Naganohara (長野原町, Naganohara-machi) is a town located in Gunma Prefecture, Japan.

== Population ==
As of 31 January 2020, the town had an estimated population of 5,495 in 5630 households, and a population density of 41 persons per km^{2}.

== Size ==
The total area of the town is 133.85 sqkm. The controversial Yamba Dam project is located within Naganohara.

==Geography==
Located in the northwestern portion of Gunma Prefecture, almost all of Naganohara has an elevation higher than 500 meters. The town has Mount Kusatsu-Shirane (2171m) to the north and Mount Asama (2568m) to the south.
- Rivers: Agatsuma River, Shirasuna River, Kuma River

===Surrounding municipalities===
Gunma Prefecture
- Higashiagatsuma
- Kusatsu
- Nakanojō
- Takasaki
- Tsumagoi
Nagano Prefecture
- Karuizawa

===Climate===
Naganohara has a Humid continental climate (Köppen Cfa) characterized by warm summers and cold winters with heavy snowfall.
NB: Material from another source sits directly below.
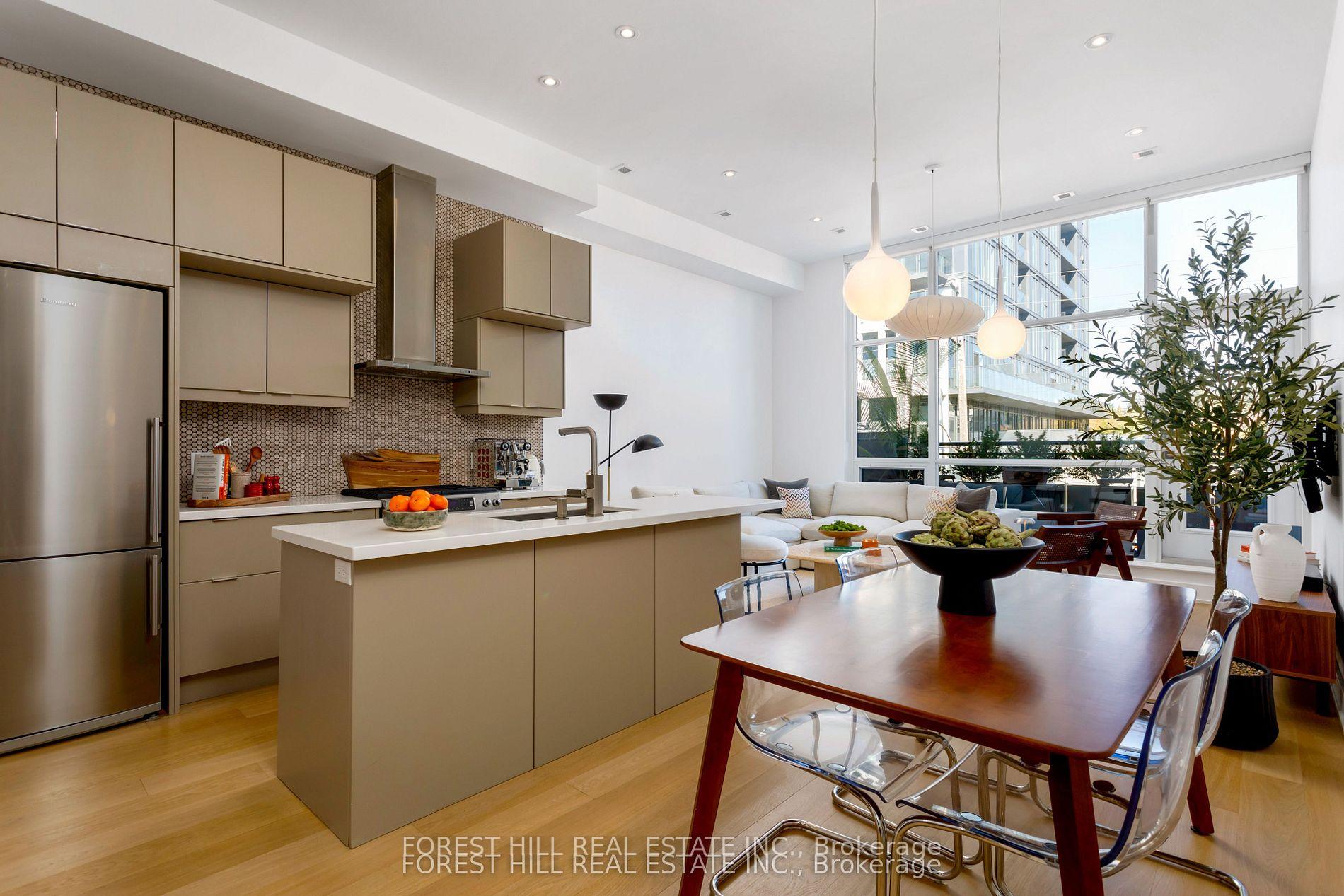 Welcome to unit 204 at the Annex Loft Houses. This well appointed 3-storey condo totaling approximately 1,548 square feet of interior and exterior space offers spacious, thoughtfully designed living space with quality upgrades throughout, including wide-plank white oak hardwood floors and upgraded light fixtures. 11 foot floor-to-ceiling windows fill the main floor with natural light, complementing the modern kitchen. Balconies on every level and a private rooftop terrace with gas line provide excellent outdoor entertaining and lounge space. Primary bedroom with spa-inspired 5-piece ensuite. Designed for comfortable everyday living and easy entertaining. Ideally located in the Annex/Seaton Village steps to transit, parks, coffee shops, Summerhill Market, Loblaws, Fiesta Farms and other neighbourhood gems.

The average annual temperature in Naganohara is 7.6 °C. The average annual rainfall is 1453 mm with September as the wettest month. The temperatures are highest on average in August, at around 20.4 °C, and lowest in January, at around -4.7 °C.

==Demographics==
Per Japanese census data, the population of Naganohara has declined over the past 70 years.

==History==
The area of present-day Naganohara has human remains from the Japanese Paleolithic through Jōmon periods, although archaeological findings from the Kofun period are scarce compared with surrounding areas. During the Edo period, the area was part of the hatamoto-administered territory within Kōzuke Province.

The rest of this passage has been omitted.